Conference Board report reveals inequities in drug access, affordability for people with arthritis
Patients must be at the table when creating a national pharmacare program
TORONTO – Canadians face serious inequities in access and affordability to prescription medications depending on where they live and their access to employer-funded drug programs, says a report released today by The Conference Board of Canada. The report was funded by the Arthritis Society.
The findings show that public coverage of arthritis medications varies widely from province to province and presents different access hurdles depending on where you live. Public plans also lag behind private plans in providing timely access to new and innovative arthritis medications, as well as access to some anti-inflammatory drugs, analgesics, corticosteroids and anti-rheumatic drugs.
The report found that Canadians spent $1.9 billion on 16.5 million claims for arthritis drugs in 2017. Of all arthritis drugs, 22 per cent are paid for out-of-pocket, representing $248.9 million in uninsured spending.
“This is an urgent wake-up call for policy makers as we explore a national pharmacare program,” says Dr. Sian Bevan, Chief Science Officer at the Arthritis Society. “These findings lay bare the challenges facing arthritis patients in a way that leaves no room for ambiguity. Too many Canadians do not have equitable, affordable access to the treatments they need, and that has a serious impact on their health – and on Canada as a whole.”
Many of the six million Canadians living with arthritis rely on a range of medications over a number of years, in some cases for the rest of their lives. That’s why the Arthritis Society has been vocal in calling for the implementation of a national pharmacare program.
“No matter who is paying – government, employer or patient – the costs of medication for chronic disease management can quickly add up,” says Bevan, “which makes it critically important that equitable and sustainable solutions be found that ensure people receive the care they need today, and into the future as new and better therapies become available.”

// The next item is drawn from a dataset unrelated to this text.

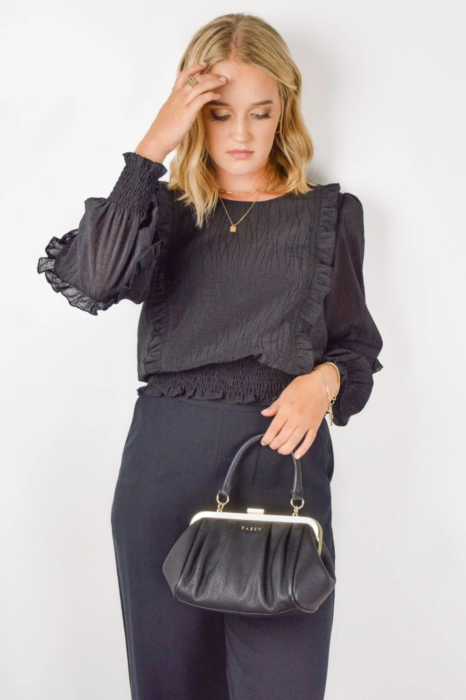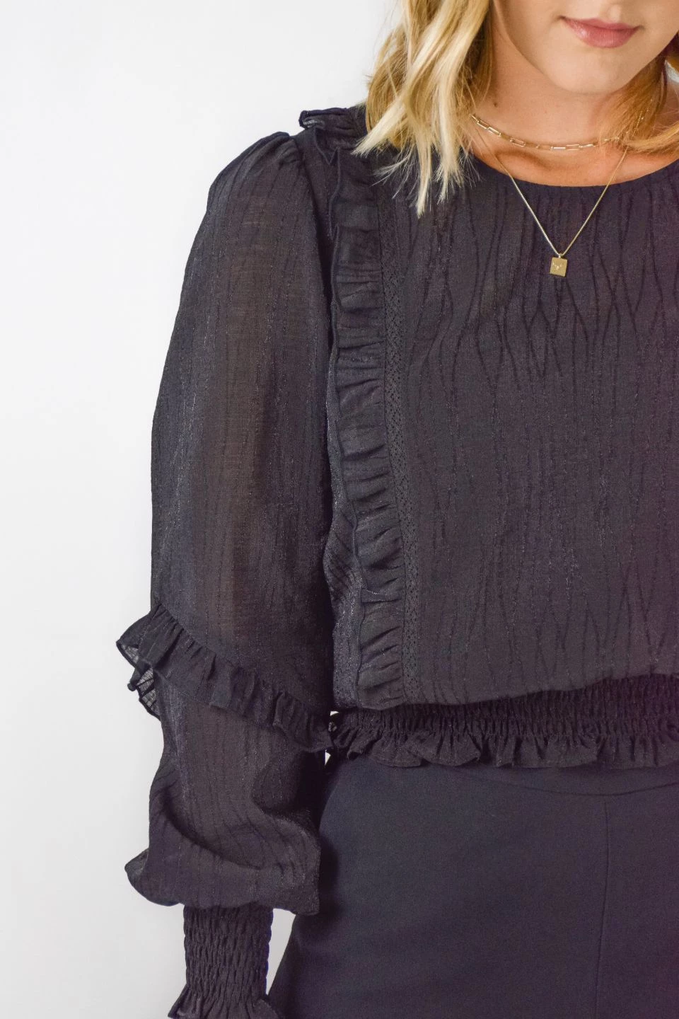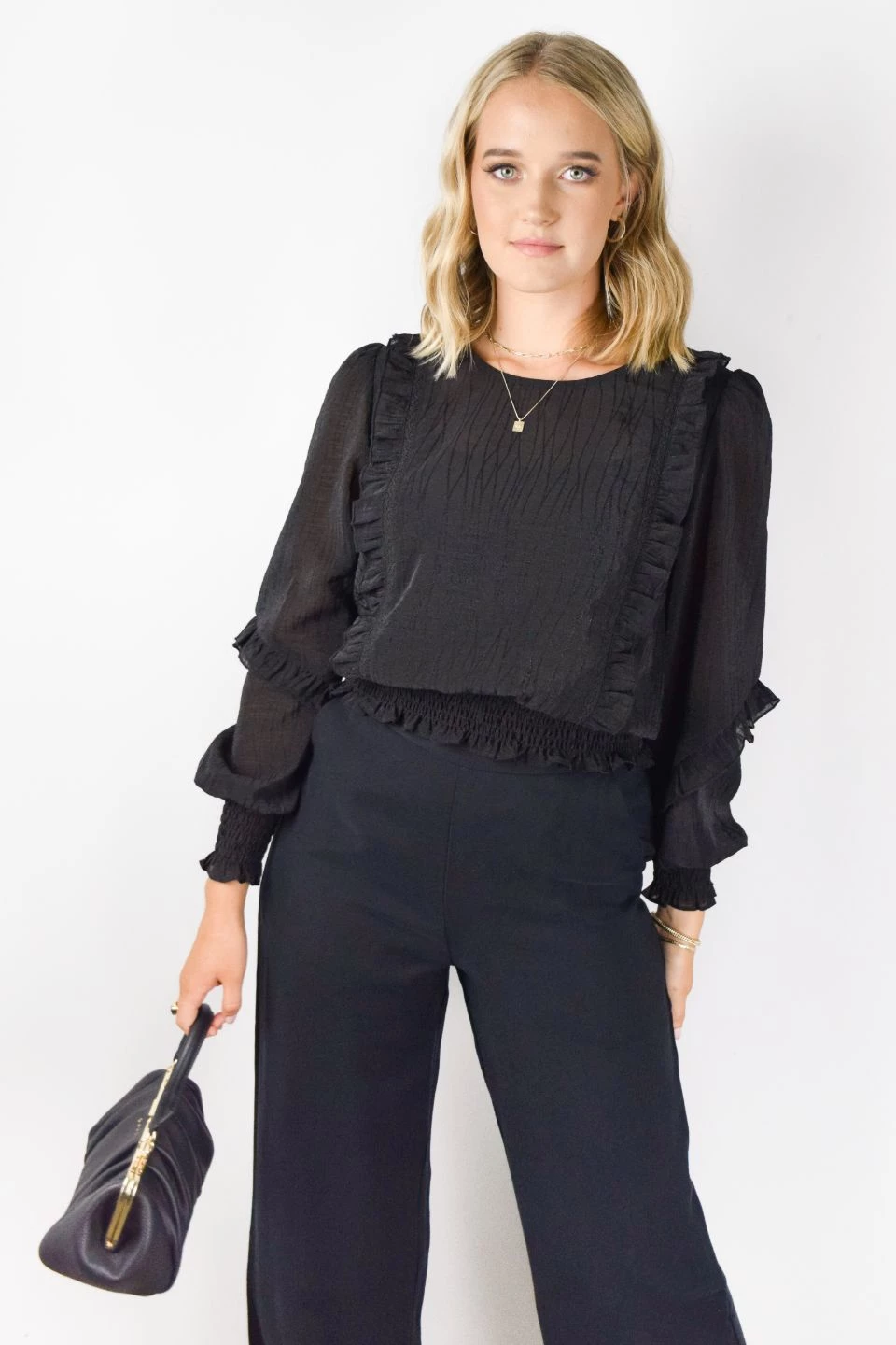 If you are looking for the perfect summer blouse look no further! The Cloud sand shirred blouse features a gorgeous lightweight material and fun ruffle sleeve. We love this blouse paired with a pair of jeans and sneakers for an easy day time look.

One of those treatment innovations is biologic medications, which have revolutionized treatment and management of autoimmune diseases such as rheumatoid arthritis. They are also the most expensive drugs covered by many plans, both public and private, which makes their significance for arthritis management an expensive proposition for Canada’s health system. According to the Canadian Institute of Health Information, biologics represent the largest share of overall drug expenditures in Canada – a share that continues to grow. The Conference Board report calculates that $1.1 billion of Canada’s $2.7 billion in total biologics spending in 2017 was specifically for arthritis management.
We believe a national pharmacare program should:
- Address existing inequities: Too many Canadians are uninsured or underinsured, forcing them to make difficult choices about medication versus other expenses. Others may be covered or not depending on their province of residence, a kind of “postal code lottery” where your health outcomes can vary dramatically based on where you live.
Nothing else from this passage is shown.